Meta New Testament Dedication

Hallelujah! Praise the Lord! At long last, the Meta New Testament project has been completed.


Klaus and Janice Spreda were assigned to the project in 1975.They worked on the language, learned it, analyzed it, drew up a spelling system for it, described the grammar and compiled its first dictionary.They were aided by a team of Meta speakers, among whom the late John Takud shone as a man with a particularly deep insight into his language.Translation was begun and eventually Matthew’s Gospel was published. Klaus and Janice had other assignments with the German branch of Wycliffe Bible Translators, which impeded the progress of the work; as did bouts of illness. When they retired about 10 years ago, a good portion of the New Testament had been composed in first draft, and eventually under a new translation team, the whole New Testament was translated, checked for clarity and accuracy, tested in the villages and eventually edited into its final form. Great care was taken to ensure that the final printed version was clear of any defects, and so 5,000 copies were printed by a company in South Korea.They arrived in Cameroon in good time for their‘launching’ in Meta-land on Saturday 1 March 2014.

Metta New Testament

Klaus and Janice were invited to attend the launching, but did not feel well enough to make the long journey, and so came the invitation to Paul Tench to represent them there, and represent the whole church too as we had supported Klaus and Janice and the Meta Project for all those years. The great day came, but still there was no sign of the New Testaments themselves; they were deliberately held up by customs officers in the hope of a bribe, but the Cameroonian Association for Bible Translation and Literacy (CABTAL) refused to bribe. However, the dedication went ahead with half a dozen copies held by the translation team. (As soon as the launching was over, and the customs could exert no more pressure, the New Testaments were released!)

Literacy Choir

It was a grand occasion, with covered seating all around the local football pitch. Processions took place; various choirs performed, a local band with dancers participated; there was a lot of noise, and then a lot of speeches. But just as the speeches began, down came the rain! Heavily! Very heavily!! No matter where we sat or stood under the canopies,rain leaked through and drenched us all. Speakers were covered with umbrellas, but on we proceeded with the programme. German Wycliffe were represented and then came my turn. I brought greetings from Janice’s home church and that brought cheering from the choir of lady literacy workers; I took a final substantial gift from the missionary committee – and that brought cheering too! I took a Welsh flag because it was St David’s day, and I explained how Griffith Jones of Llanddowror set up the circulating schools to help the people of Wales to learn to read, so that they could read the Bible for themselves in their own mother tongue and how it had led to great revival, and wished the same for the Meta people. I presented the Chief with a Bible in my own mother tongue as a gift from the Pastor, because he had been unable to do so when he visited them in 2007.
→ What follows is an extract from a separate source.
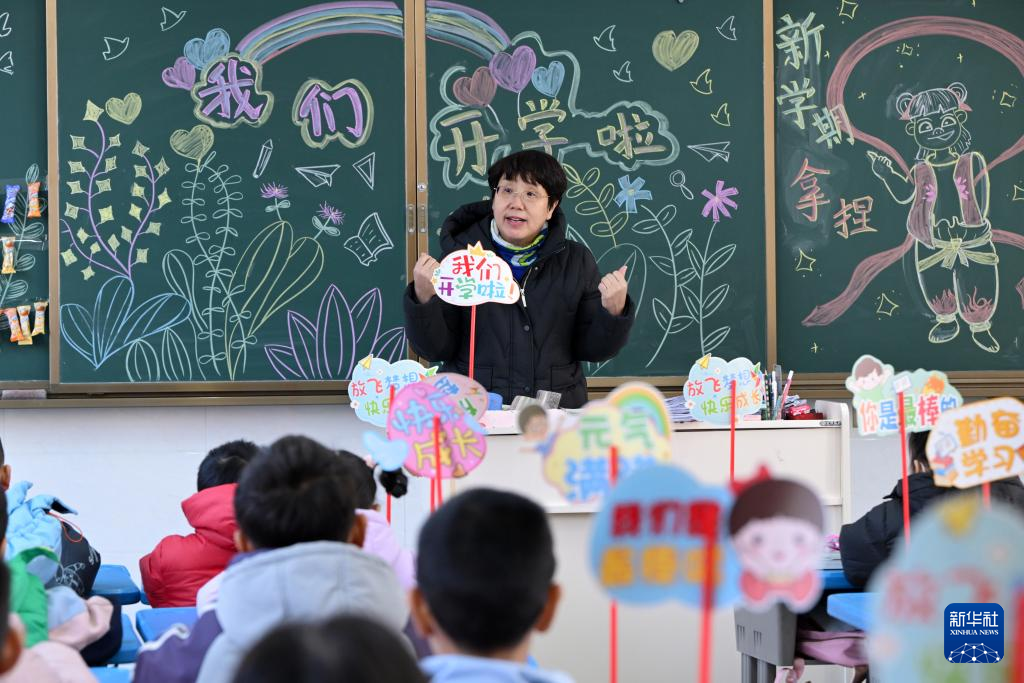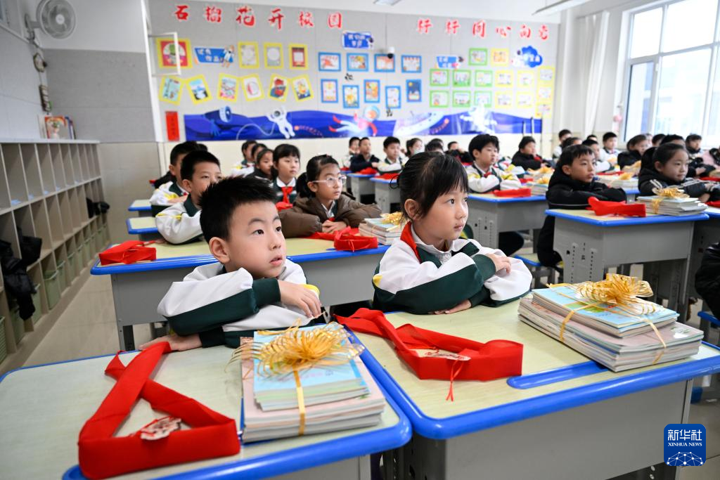 当日,部分地区中小学迎来开学季,学生们返回学校、领取教材,参加开学第一课等活动,开启新学期。

It was a great day, even though we were all soaked through to the skin. It was followed by three extra days: on Sunday I attended the dedication of a new church building in Nyen where Klaus and Janice had lived, visited a number of people in the village who knew them and then the big city of Bamenda. People remembered them with great affection, Klaus with his superb command of the Meta language and his painstaking efforts to prepare the linguistic material, and Janice with her friendliness among the people and especially for all her efforts with the lady literacy workers. It was a great joy and privilege to meet some of these people and to acquaint myself with the roads and villages that they once travelled along. I explained that our financial support had now come to an end, but our support in prayer needs to continue, for the people to get used to reading their new New Testaments, hearing them read in church and in school, memorizing them, but above all, believing the eternal Good News that they carry.